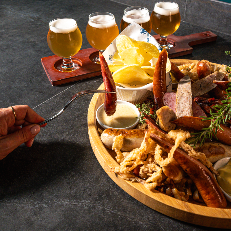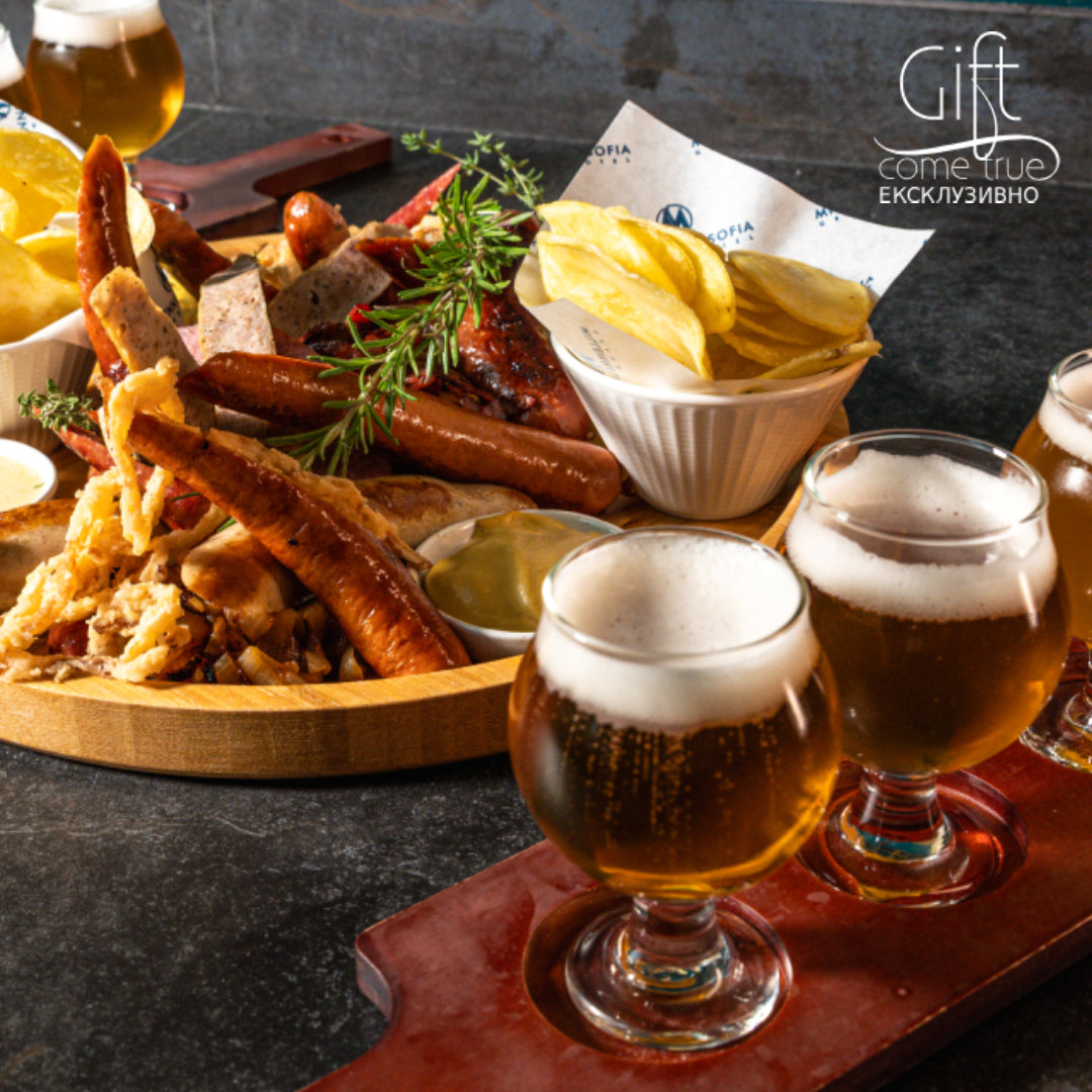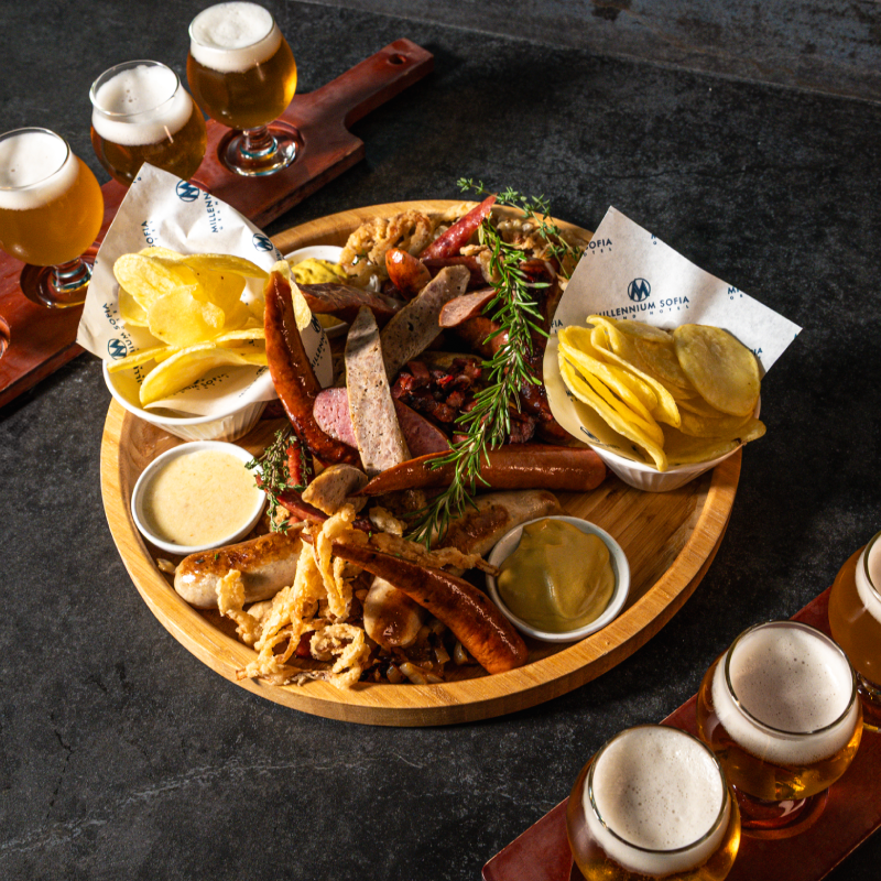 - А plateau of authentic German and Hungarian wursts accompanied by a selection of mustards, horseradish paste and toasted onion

* * *

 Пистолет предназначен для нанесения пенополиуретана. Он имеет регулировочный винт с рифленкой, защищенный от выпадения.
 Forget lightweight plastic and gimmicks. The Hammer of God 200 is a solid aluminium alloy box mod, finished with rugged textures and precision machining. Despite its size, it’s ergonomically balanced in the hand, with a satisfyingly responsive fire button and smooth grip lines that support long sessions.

* _ASSIGNED TASK_: Restate word for word the entries above, starting at the line with "Пистолет предназначен для" and ending at the line with "Forget lightweight plastic", inclusive, and no others.

* _RESULT OF THE EXERCISE_:
 Пистолет предназначен для нанесения пенополиуретана. Он имеет регулировочный винт с рифленкой, защищенный от выпадения.
 Forget lightweight plastic and gimmicks. The Hammer of God 200 is a solid aluminium alloy box mod, finished with rugged textures and precision machining. Despite its size, it’s ergonomically balanced in the hand, with a satisfyingly responsive fire button and smooth grip lines that support long sessions.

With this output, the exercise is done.